Lamb Cheek and Cauliflower Rice Bowl
A low-carb bowl featuring spiced lamb cheeks served over cauliflower rice, topped with fresh herbs and a squeeze of lemon.
- 400g raw lamb cheeks, cooked and shredded
- 1 head of cauliflower, grated into rice-sized pieces
- 2 tablespoons olive oil
- 1 teaspoon turmeric
- Salt and pepper to taste
- Fresh mint and lemon wedges for serving
- Sauté grated cauliflower in olive oil with turmeric, salt, and pepper until tender.
- Serve the cauliflower rice topped with shredded lamb cheeks.
- Garnish with fresh mint and a squeeze of lemon juice.
Lamb Cheek and Chickpea Curry
A hearty and nutritious curry made with tender lamb cheeks and chickpeas, simmered in a fragrant coconut milk sauce.
- 500g raw lamb cheeks, cubed
- 1 can chickpeas (400g), drained
- 1 can coconut milk (400ml)
- 1 onion, chopped
- 2 tablespoons curry powder
- 1 tablespoon ginger, grated
- Salt and pepper to taste
- Fresh cilantro for garnish
- In a pot, sauté onion and ginger until soft, then add lamb cheeks and brown.
- Stir in curry powder, chickpeas, and coconut milk, and simmer for 1 hour until lamb is tender.
- Season with salt and pepper, garnish with cilantro, and serve with brown rice.
Lamb Cheek and Spinach Stuffed Peppers
Colorful bell peppers stuffed with a savory mixture of lamb cheeks and spinach, baked to perfection for a healthy meal.
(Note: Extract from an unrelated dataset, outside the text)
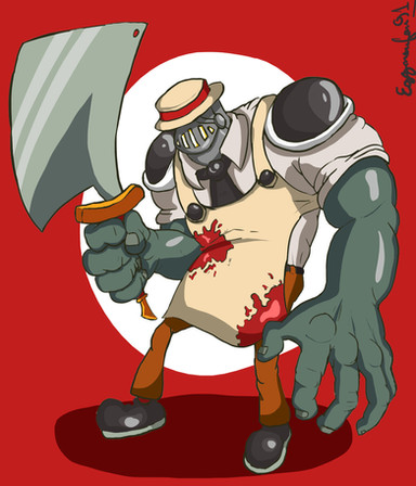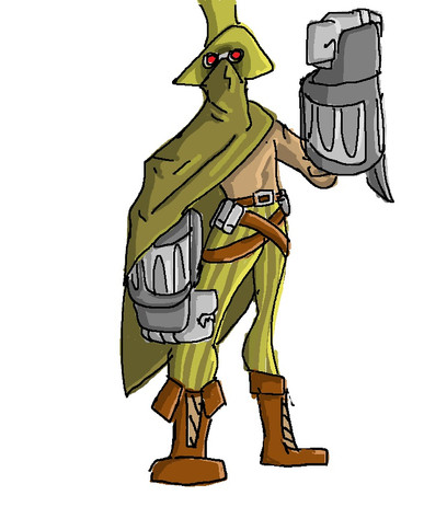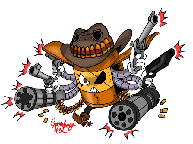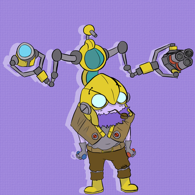 Damaged during a train heist, this bot was marked for the scrap heap. The damage to his cpu caused him to become self aware and a little nuts. He bolted on out of that scrap pile and joined the lifestyle that freed him from his former existence.Just a quick sketch of a miniature I want to make for Rail Raiders board game. Now I just need to find someone that 3D models.

- 400g raw lamb cheeks, cooked and shredded
- 4 bell peppers, halved and seeds removed
- 2 cups fresh spinach, chopped
- 1 cup cooked brown rice
- 1 teaspoon Italian seasoning
- Salt and pepper to taste
- 1/2 cup shredded mozzarella cheese
- Preheat the oven to 180°C (350°F).
- In a bowl, mix shredded lamb cheeks, spinach, brown rice, Italian seasoning, salt, and pepper.
- Stuff the bell pepper halves with the mixture, top with mozzarella cheese, and bake for 25-30 minutes until peppers are tender.